Baowu Steel Group, a Chinese state-owned iron and steel company, said it will start construction of the Simandou iron mine in Guinea, which has estimated reserves of 10 billion tons of ore grading 65 percent iron metal, according to

"In the long run, these sources, especially the Simandou mine, the largest untapped source of iron ore in the world with the highest quality, will ease China's dependence on Australian iron ore," Yu Lei, chief researcher at the Research Center for Pacific Island Countries with Liaocheng University, told the Global Times on Sunday.

According to China's Ministry of Commerce, China is highly dependent on imported iron ore as 80 percent of the raw material is imported. 

In 2019, China imported 1.07 billion tons of iron ore, of which more than 60 percent came from Australia, according to industrial media.

However, despite being Australia's biggest iron ore buyer, China has much weaker pricing power due to Australia's near-monopoly. Once iron ore demand in China rises, the ore price would also increase, Yu said. Iron futures hit 778 yuan ($110) per ton on Friday, up more than 40 percent from April, as stockpiles at 45 Chinese ports hit four-year lows.

Despite the huge iron ore trade between China and Australia, bilateral ties are soured in recent months. In May, China imposed anti-dumping and countervailing tariffs of more than 80 percent on Australian barley, a move intended to protect Chinese farmers' interests.

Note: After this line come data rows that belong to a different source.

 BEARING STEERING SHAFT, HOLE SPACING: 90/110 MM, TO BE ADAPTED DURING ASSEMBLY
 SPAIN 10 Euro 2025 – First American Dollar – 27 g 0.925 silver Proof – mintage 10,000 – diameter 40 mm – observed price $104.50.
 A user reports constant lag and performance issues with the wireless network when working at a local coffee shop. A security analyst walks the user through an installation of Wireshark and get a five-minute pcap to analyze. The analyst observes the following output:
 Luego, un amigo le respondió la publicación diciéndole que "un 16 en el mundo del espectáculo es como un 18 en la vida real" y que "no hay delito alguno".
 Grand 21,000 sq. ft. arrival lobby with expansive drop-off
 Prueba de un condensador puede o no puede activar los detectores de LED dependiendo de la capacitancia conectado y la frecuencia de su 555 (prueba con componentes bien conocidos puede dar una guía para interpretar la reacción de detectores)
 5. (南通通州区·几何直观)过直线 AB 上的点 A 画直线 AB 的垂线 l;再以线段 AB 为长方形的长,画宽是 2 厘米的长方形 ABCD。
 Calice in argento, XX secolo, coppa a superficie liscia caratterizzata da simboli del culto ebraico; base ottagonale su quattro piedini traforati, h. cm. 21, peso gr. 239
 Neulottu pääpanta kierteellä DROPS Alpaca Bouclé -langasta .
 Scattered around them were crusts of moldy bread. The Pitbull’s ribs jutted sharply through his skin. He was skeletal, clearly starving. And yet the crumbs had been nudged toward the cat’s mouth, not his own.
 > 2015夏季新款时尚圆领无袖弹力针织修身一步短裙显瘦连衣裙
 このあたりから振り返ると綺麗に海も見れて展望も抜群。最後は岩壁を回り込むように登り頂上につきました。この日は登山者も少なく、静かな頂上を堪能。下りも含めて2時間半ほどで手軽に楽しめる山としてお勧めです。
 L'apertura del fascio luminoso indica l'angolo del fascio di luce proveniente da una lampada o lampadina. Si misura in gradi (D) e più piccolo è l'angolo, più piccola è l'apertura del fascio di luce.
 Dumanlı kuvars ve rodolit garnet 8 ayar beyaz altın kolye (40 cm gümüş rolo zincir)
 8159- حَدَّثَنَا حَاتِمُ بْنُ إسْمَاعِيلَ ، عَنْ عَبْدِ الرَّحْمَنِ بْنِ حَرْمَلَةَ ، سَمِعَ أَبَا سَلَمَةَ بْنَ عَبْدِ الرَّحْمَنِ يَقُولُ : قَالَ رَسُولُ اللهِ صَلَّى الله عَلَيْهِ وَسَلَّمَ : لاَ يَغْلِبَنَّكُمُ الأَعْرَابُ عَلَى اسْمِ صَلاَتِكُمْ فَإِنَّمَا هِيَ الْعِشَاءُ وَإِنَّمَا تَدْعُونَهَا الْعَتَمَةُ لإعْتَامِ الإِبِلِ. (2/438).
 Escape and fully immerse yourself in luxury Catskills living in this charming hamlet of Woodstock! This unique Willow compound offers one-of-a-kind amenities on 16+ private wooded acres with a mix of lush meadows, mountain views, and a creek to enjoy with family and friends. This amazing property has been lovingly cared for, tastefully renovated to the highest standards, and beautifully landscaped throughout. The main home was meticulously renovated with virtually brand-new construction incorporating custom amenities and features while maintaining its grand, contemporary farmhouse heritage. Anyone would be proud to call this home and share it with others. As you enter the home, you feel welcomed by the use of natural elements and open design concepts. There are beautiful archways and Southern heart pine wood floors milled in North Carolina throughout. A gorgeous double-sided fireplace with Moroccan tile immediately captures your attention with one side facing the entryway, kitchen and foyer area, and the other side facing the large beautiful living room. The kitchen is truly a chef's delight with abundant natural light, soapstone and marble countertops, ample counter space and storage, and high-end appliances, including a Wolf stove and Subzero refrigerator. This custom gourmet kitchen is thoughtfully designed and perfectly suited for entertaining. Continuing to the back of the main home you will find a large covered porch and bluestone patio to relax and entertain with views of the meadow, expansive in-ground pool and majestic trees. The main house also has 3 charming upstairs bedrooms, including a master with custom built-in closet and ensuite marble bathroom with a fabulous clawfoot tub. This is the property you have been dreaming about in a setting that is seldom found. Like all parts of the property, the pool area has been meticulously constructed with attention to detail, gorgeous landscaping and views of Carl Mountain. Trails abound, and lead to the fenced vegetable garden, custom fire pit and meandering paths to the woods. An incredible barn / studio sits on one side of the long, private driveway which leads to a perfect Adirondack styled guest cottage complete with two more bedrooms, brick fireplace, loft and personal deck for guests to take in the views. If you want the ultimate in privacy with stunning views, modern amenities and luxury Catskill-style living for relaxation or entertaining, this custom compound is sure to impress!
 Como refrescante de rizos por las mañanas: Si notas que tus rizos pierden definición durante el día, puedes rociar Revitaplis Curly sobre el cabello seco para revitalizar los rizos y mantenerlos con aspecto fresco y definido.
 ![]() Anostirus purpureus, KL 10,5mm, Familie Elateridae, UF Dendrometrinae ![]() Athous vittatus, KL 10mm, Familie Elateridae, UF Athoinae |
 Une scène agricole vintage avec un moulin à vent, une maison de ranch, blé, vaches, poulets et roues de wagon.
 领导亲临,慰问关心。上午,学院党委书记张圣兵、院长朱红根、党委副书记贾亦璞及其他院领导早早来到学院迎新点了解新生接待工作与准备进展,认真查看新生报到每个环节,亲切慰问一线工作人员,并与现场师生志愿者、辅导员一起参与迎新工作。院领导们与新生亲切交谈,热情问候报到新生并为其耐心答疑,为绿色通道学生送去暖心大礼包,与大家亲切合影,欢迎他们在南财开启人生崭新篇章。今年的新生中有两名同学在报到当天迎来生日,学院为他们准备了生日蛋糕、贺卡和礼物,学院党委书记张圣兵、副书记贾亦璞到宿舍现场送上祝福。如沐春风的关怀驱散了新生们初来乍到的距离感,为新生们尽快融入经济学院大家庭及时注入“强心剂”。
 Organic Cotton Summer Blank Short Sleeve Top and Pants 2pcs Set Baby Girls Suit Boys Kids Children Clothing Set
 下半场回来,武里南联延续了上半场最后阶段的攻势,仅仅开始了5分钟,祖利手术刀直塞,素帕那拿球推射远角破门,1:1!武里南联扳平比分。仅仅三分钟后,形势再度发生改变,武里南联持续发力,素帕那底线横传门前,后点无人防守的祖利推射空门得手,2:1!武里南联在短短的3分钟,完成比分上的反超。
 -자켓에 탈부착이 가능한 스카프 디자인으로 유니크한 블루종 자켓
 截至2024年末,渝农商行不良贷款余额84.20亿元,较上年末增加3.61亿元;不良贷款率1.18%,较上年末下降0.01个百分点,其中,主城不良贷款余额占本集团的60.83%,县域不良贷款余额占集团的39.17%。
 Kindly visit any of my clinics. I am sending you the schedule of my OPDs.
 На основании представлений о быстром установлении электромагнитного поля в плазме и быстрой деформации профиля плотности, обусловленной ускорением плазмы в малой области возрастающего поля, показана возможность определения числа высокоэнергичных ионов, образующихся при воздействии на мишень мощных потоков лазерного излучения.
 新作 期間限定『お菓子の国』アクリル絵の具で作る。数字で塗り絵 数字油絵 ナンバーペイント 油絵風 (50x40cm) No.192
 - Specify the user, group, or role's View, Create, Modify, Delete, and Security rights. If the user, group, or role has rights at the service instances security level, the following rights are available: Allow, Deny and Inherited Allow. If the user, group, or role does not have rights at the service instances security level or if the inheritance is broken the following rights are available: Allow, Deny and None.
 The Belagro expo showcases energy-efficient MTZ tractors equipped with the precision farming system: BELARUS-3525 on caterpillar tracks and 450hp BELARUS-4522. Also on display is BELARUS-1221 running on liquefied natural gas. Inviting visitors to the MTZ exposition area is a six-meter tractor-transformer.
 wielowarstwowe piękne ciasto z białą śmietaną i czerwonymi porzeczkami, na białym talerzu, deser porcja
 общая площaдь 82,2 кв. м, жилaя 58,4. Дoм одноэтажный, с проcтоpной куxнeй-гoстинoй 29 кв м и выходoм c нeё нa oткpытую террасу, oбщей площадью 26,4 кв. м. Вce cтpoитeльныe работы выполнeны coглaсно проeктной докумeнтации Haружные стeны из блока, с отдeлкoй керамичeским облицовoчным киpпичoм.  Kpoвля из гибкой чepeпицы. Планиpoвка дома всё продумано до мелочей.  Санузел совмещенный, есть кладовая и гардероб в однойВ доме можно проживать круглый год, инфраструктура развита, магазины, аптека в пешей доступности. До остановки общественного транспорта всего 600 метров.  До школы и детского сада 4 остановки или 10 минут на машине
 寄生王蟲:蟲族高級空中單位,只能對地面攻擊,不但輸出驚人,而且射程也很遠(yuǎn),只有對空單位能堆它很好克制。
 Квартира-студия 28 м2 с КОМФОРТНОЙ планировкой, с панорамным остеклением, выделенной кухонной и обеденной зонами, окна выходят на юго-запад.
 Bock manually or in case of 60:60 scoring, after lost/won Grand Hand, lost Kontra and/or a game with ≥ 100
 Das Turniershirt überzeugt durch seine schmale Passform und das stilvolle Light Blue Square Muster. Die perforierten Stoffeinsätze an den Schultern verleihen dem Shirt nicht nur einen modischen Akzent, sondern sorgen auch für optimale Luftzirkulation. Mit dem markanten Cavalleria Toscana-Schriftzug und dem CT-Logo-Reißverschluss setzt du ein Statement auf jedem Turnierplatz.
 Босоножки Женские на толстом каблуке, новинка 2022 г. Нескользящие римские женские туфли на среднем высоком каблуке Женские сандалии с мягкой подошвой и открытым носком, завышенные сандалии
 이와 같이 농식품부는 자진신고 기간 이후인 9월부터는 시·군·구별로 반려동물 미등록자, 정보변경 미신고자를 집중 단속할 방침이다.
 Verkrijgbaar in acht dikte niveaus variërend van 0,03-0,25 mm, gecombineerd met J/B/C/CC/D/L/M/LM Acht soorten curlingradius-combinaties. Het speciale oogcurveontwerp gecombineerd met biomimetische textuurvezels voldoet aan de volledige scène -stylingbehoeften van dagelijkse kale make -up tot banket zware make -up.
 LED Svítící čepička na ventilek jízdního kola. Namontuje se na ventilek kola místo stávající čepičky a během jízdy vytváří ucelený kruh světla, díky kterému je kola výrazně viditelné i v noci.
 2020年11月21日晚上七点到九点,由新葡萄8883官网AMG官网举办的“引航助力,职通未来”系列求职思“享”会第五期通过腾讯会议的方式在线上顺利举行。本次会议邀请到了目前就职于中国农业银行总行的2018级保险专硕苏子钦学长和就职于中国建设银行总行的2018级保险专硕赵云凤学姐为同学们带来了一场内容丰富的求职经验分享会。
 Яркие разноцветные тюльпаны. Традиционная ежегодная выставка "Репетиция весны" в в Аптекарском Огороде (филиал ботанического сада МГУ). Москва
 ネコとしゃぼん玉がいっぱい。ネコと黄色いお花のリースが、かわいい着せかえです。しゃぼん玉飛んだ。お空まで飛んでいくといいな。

There has been hearsay for years in the industry that China has been working with the Simandou mine, but there had been no real exploitation until the Baowo announcement, according to Wang Guoqing, research director at the Beijing Lange Steel Information Research Center.

"[Baowu] chose this timing to indicate that the construction might relate to the row between China and Australia, as China is seeking to diversity its iron ore sources to lower dependence on Australian iron ore," Wang noted.

Having more suppliers will deepen China's iron ore import diversification, and give Beijing more chips when dealing with Australia, according to Wang.

Wang noted that, even though Baowu's announcement could drive up market expectations as iron ore is more financialized now, it's just "an expectation ... the real impact might take years to come." 

"It is hard to see a quick change in China's iron ore import structure as the construction of the Simandou mine may take years, but in the long run, it will definitely have a huge impact on Australia's iron ore sector and Australian suppliers should keep their eyes on it," Yu said.